The illustration here is a generic implementation of a synchronisation system. The GNSS-based clocking synchronisation is the primary reference clock, and in the event of GNSS signal loss, the PTP based clocks take over. PTP based ’holdover’ can provide phase as well as frequency corrections. There is one additional layer of protection even when the PTP based clock failure supports physical layer clocks. Such clocks can only do frequency synchronisation and are capable of holding the phase. Finally, the fundamental and default holdover comes from the reference clock of the system.

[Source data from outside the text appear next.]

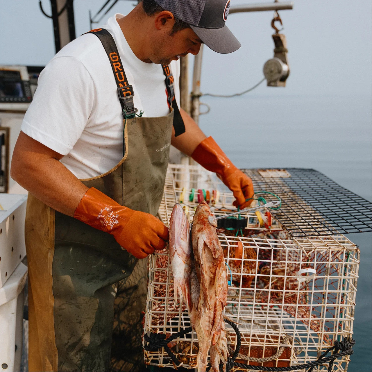 Built rugged, tough, and focused on the task at hand, the Sternman Armored Bib gets its namesake from the hard-working lobstermen of the Northeast. The 100% waterproof construction features body-mapped TPU “armour” that maximizes durability in high-abrasion zones when pulling traps, harvesting catch, and working your a$$ off on deck. The thoughtful breathable shell gives back to Mother Ocean by using a recycled a 4-layer nylon made from fish nets and oyster farming. Mobility and functionality were prioritized with a gusseted crotch to remove working tension and enhance maneuverability, and interior knee pad pockets are available when you need to beef up lower body protection. Complete with internal secure storage for your personal items, the Sternman Armored Bib is equipment for the commercial fisherman.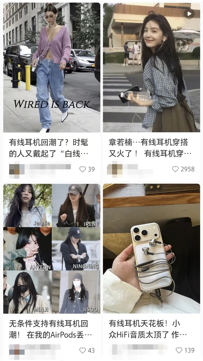 “有线耳机穿搭”相关笔记也超火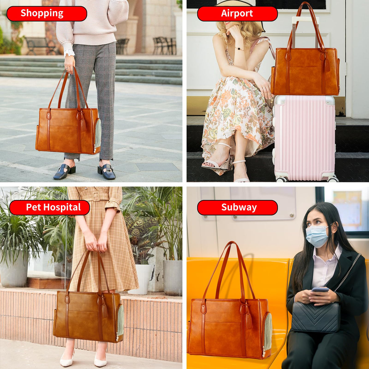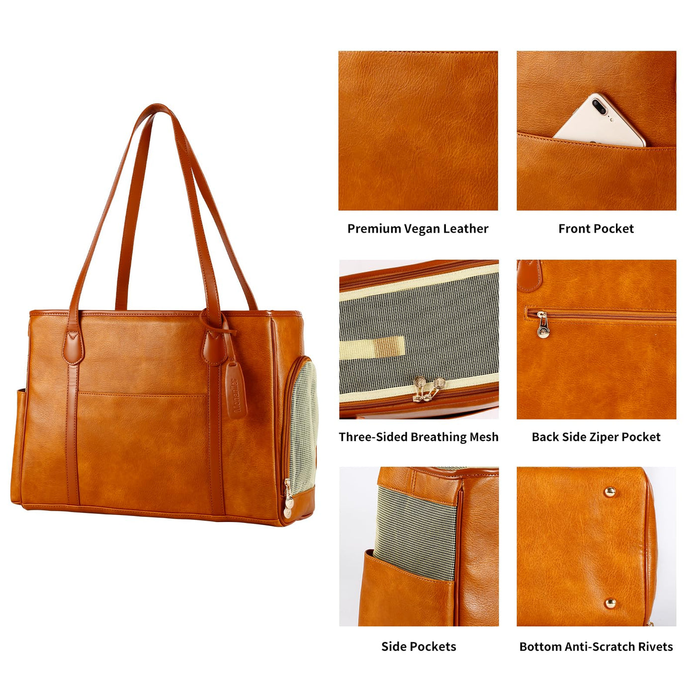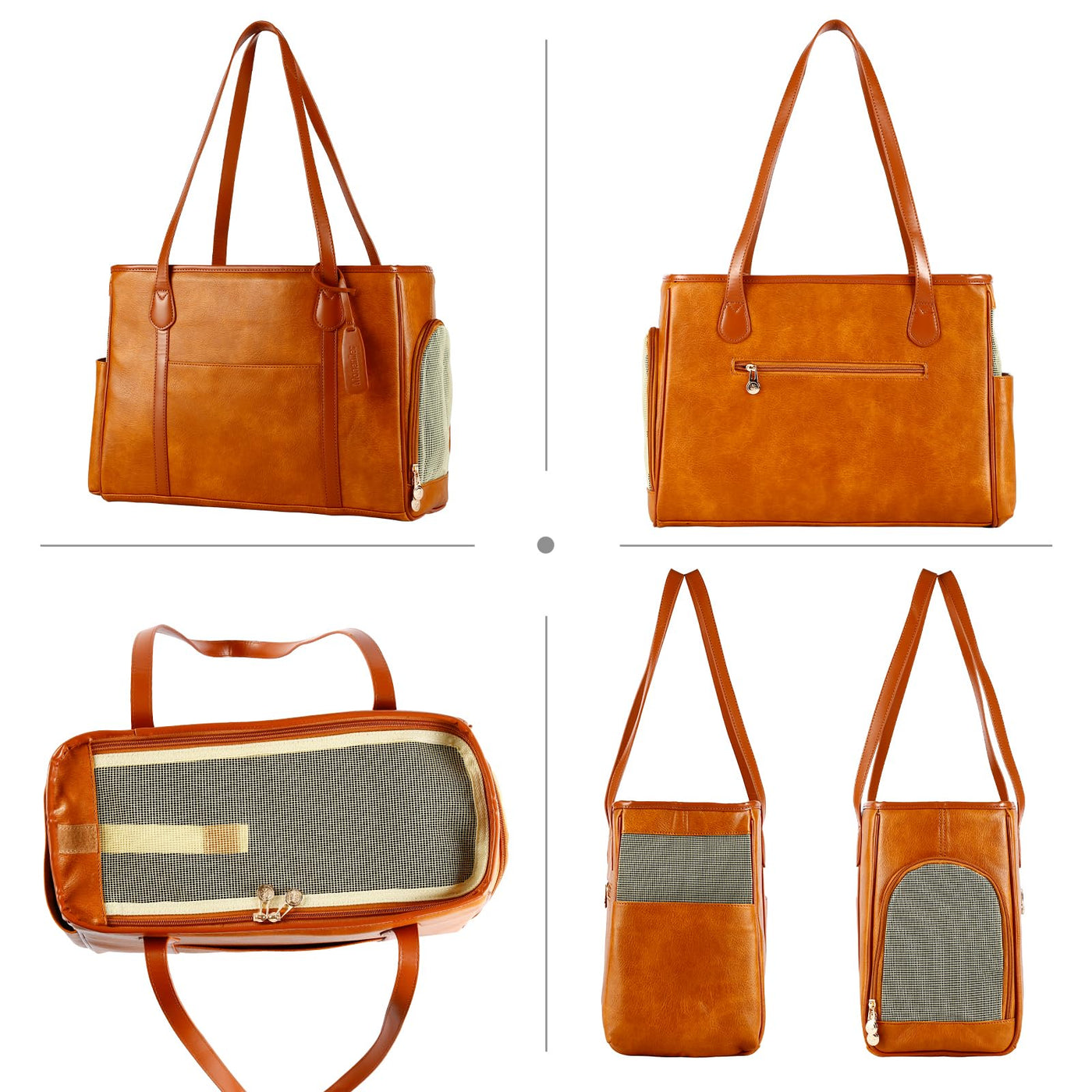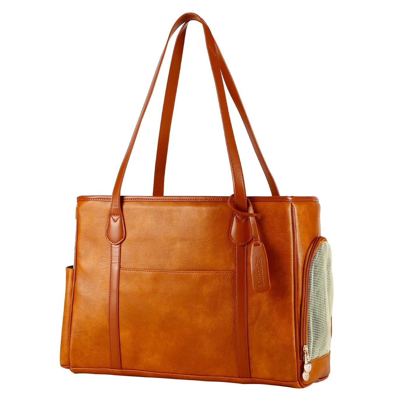 Monanller Stylish Dog Purse Carrier, Leather Pet Carrier Bag For Small Dogs Cats Puppy, Airline Approved Soft-Sided Carrier Brow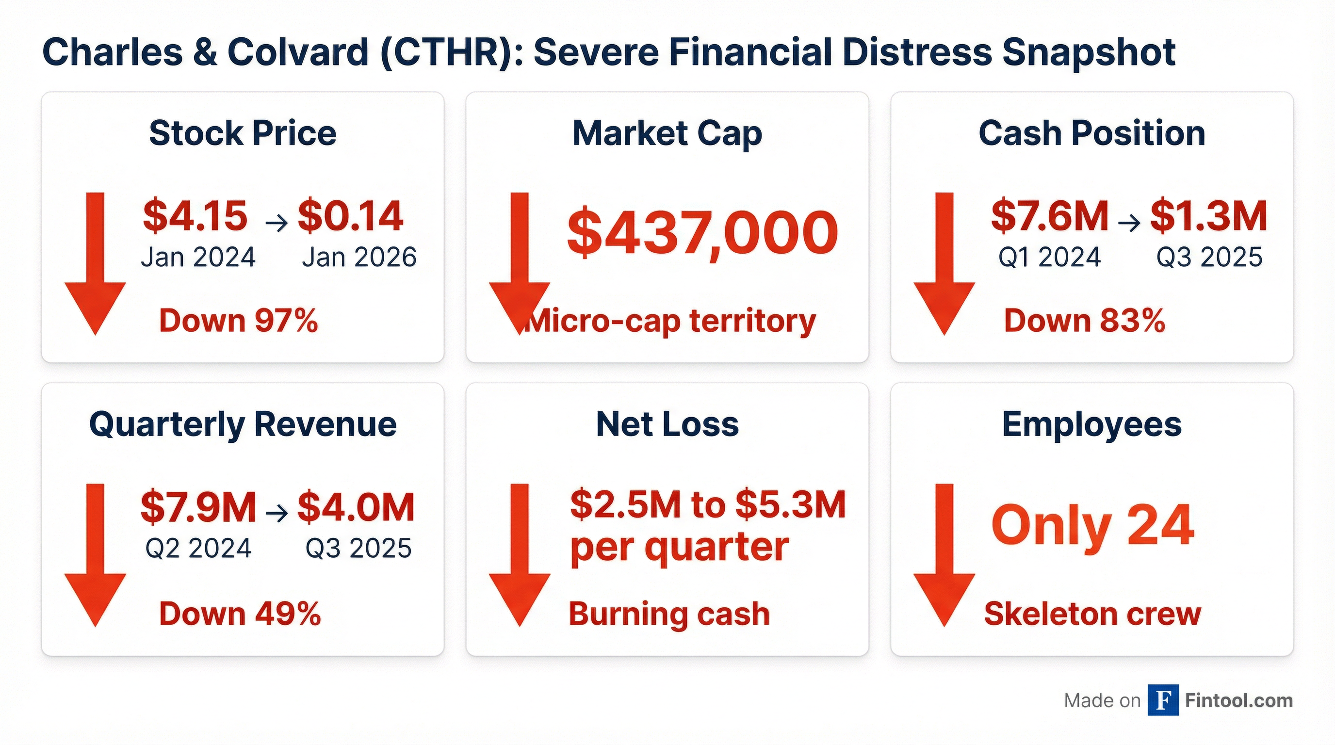 For O'Connell, who joined Charles & Colvard in 2016 as COO before being elevated to CEO in 2020, the termination marks an unceremonious end to a nearly decade-long tenure. His termination "without Cause" suggests he's entitled to severance benefits under his employment agreement — an additional expense for a company that can ill afford it.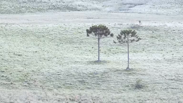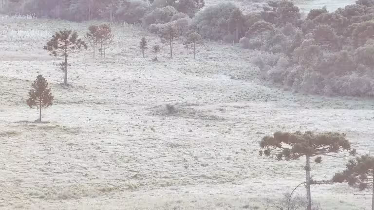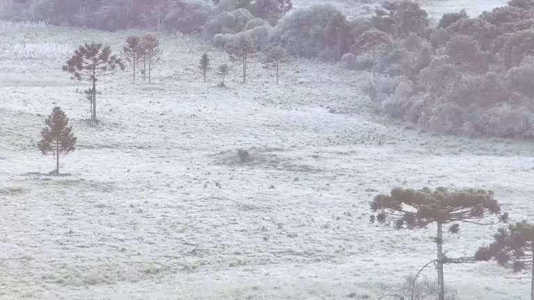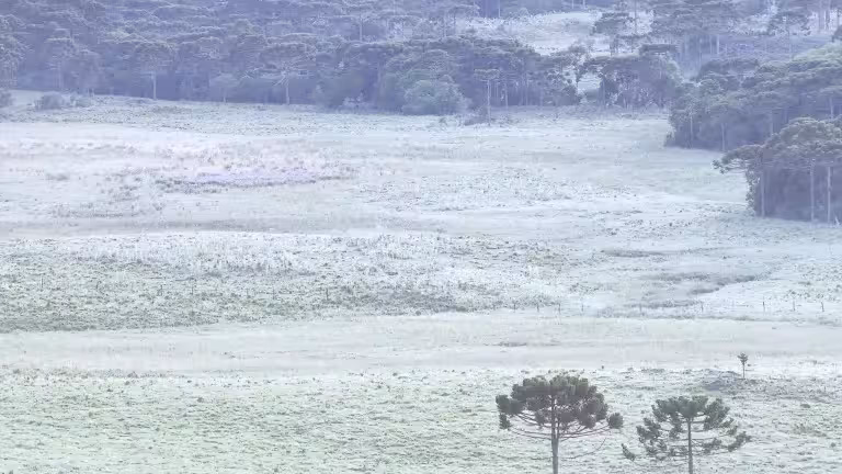 Municípios da região do Planalto Sul de SC amanheceram esta quinta-feira com os campos pintados com a cor da geada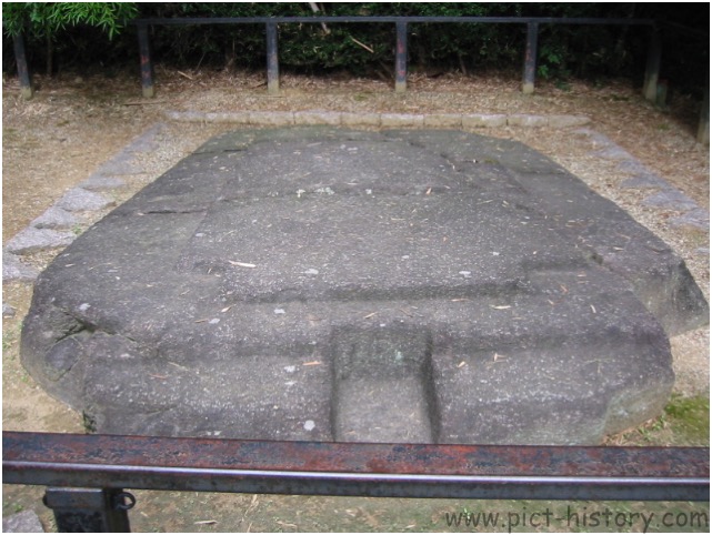 もとは上円下方墳だったと推定されています。もり土が失われ、巨石を利用した玄室が露出した形で残されています。1933、34、54年と調査が行なわれ、墳丘の規模が確認されました。すなわち、墳丘は一辺51メートルで、周囲には、南北83メートル、東西81メートルの外堤をもっていたことなどが分かりました。現在は明日香村にあるもののうち、飛鳥時代を代表する遺跡として、周辺がよく整備されて残っています。(奈良県高市郡明日香村)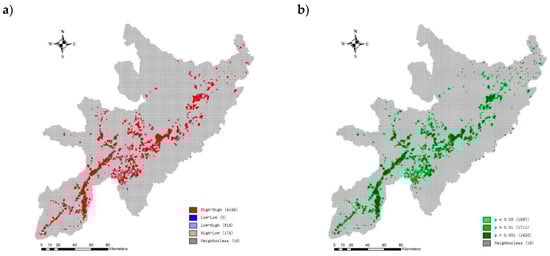 Cluster (a) and significance (b) maps of local indicators of spatial association (LISA) for all damaged vegetation at the 1 × 1 aggregation level.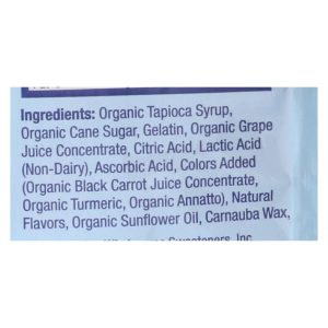 ingredients : organic tapioca syrup;organic cane sugar;gelatin;organic grape juice concentrate;citric acid;lactic acid;non-dairy;ascorbic acid;colors added;organic black carrot juice concentrate;organic turmeric;organic annatto;natural flavors;organic sunflower oil;carnauba wax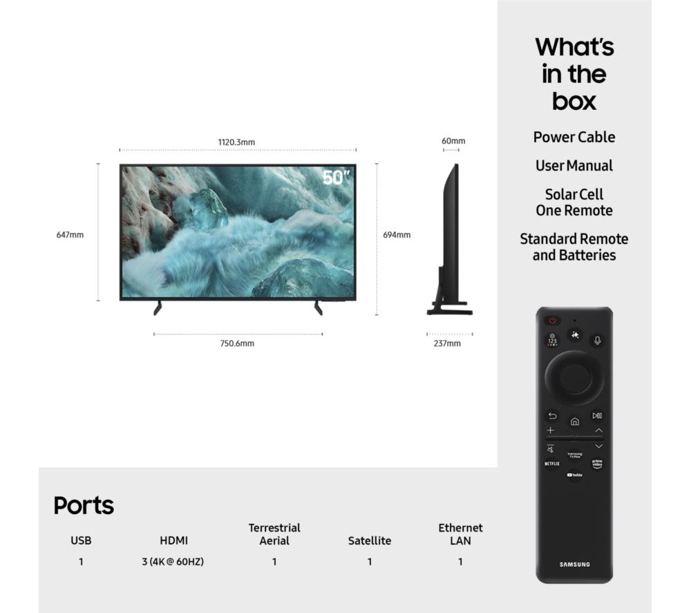 Your content gets the VIP treatment with this Samsung Q7F 50" TV. Quantum Dots transform light into lifelike, accurate colour for natural looking scenes. The sky is brighter, the grass is greener, and the details are clearer. It's even been given the thumbs up by Pantone (and they know a thing or two about colour). The Q4 AI Processor uses AI to intelligently upscale content scene-by-scene for brilliant clarity and colours. Sports, classic movies, and even the nightly news will get an upgrade thanks to 4K Upscaling.Good to know- Sound is more realistic with Object Tracking Sound Lite – the TV speakers follow the on-screen action- With Quantum HDR, you can enjoy natural details and depth, even in the darkest of scenes- You'll find films, TV shows, and all your favourite catch-up apps on Samsung's Tizen OS- Play 1000s of Xbox titles and other games on the Samsung Gaming Hub – no downloads, no console, no fuss- Samsung TV Plus gives you instant access to live TV and 1000s shows and movies, for free__________________________________________Please note: - Samsung Account required to access network-based smart services and apps. If you choose not to log-in, you will only get connection to terrestrial TV (applicable to devices with tuners only) and external devices, e.g. via HDMI.- Some apps & services are only available in the UK. Apps & services may be removed or no longer supported by third party content providers at any time. Some apps & services may not be available at launch and may require a firmware update before becoming available. Some services require an account and/or subscription fee.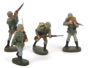 ELASTOLIN (ALLEMAGNE) Ensemble de 4 soldats de l'armée allemande gris armée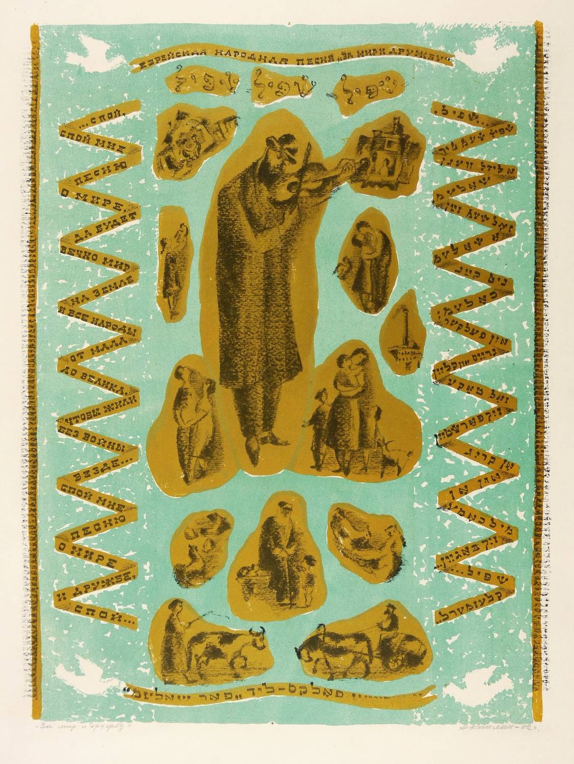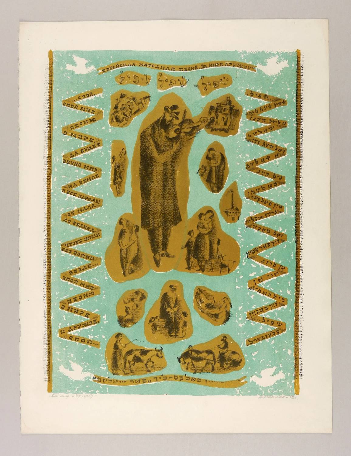 Mayer-Strodt VII 7. – Rechts unten in Bleistift signiert und datiert: ″АКаплан 1962″. Links Titel: ″За мир и дружбу″. Seitlich in den herabfallenden Bändern jiddische Inschrift. – Kein Exemplar der Auflagendrucke. Seltene Farbvariante. Im Werkverzeichnis von Rudolf Mayer und Lia Schrodt wird nur die Farbvariante mit Schwarz, Rot, Gold und Grün erwähnt (WVZ Nr. VII 7, S. 50). – Illustration zu dem jiddischen Volkslied ″Far scholem″ oder ″Für Frieden und Freundschaft″: ″Schpil, schpil, schpil! / Schpil schojn mir a lidl wegen scholem. / Sol schojn sajn a scholem, / nit kain cholem / un feker grejss und klejn, / sol take sih farschtejn. / On krig un on milchome sih bagejn. / Schpil, klesmerl.″ – Provenienz: Sammlung Erhard Frommhold, Dresden. Frommhold war Cheflektor und Verlagsleiter des Verlag der Kunst Dresden, der viel mit dem Künstler zusammenarbeitete. – Sehr guter Zustand.

Holdover of servo systems is mainly affected by the following issues

  1. Servo initial error: Holdover may occur at any instant of operation of the servo system. At that instant, the error of the system is caused by the initial phase error and frequency accuracy of the servo.
  2. Frequency deviation due to temperature variation: Temperature variation is the fundamental short-term impact on oscillators. Higher frequency stability ensures minimal phase movement.
  3. Ageing drift: The fundamental building block of the oscillator is a resonance element that builds up the fundamental oscillator. Ageing is the systematic variation that happens to the resonator over time by materials being deposited on the quartz crystal or materials being vaporised from it. This results in slow variation in frequency and long-term deviation in phase movement. Ageing is presented in parts per billion per day (ppb/day) variation.
  4. Hysteresis and other system effects: The frequency difference that the resonator accumulates over temperature cycles is called the hysteresis effect. The re-trace impact is the difference in frequency an oscillator exhibits when it undergoes a power cycle. Power supply variations and load variations also cause the frequency to deviate.
  5. Random variations: Due to the nature of the resonator, frequency drift can be caused by random effects, primarily measured in the Allan Deviation metric.

 

The servo initial error is mainly controlled by the servo design. The hysteresis, re-trace, power supply variations and the random variations are related to the resonator characteristic and the basic circuitry design. Of all the different types of contributors to the changes in reference clock frequency, the major contributors are variations in temperature and drift due to ageing. A system trying to achieve short to medium term holdover (4–8 hours) will have a significant impact (90% variation) from these two factors. Therefore, the system designers have been engaging various techniques to improve the holdover performance by addressing these two specific issues. Temperature variation and ageing drift are variations that can be dynamically addressed in the systems. There are a number of methods that can be used to compensate the synchronisation reference caused by temperature variation and ageing.

Temperature post compensation using external temperature sensors

Depending on how Oven Controlled Oscillators (OCXOs) are manufactured, individual oscillators can show different residual effects that are entirely independent of each other, even across different samples of the same family of products. The uncertain response is because the OCXO building mechanism mostly tries to fit the minimum or minimal slopes of the resonance characteristics. Initially, to compensate for temperature variations, each oscillator is inserted into the equipment with temperature sensors around it, to map the behaviour across temperatures

These characteristics are then used to compensate for the temperature variation. Such proprietary techniques used to cause major infrastructure, logistics, and economic costs to system designers. The characterised data from individual oscillators are used in the system to compensate for temperature effects. In parallel, systems use network-recovered reference clocks to measure oscillator variations to compensate for the ageing effect.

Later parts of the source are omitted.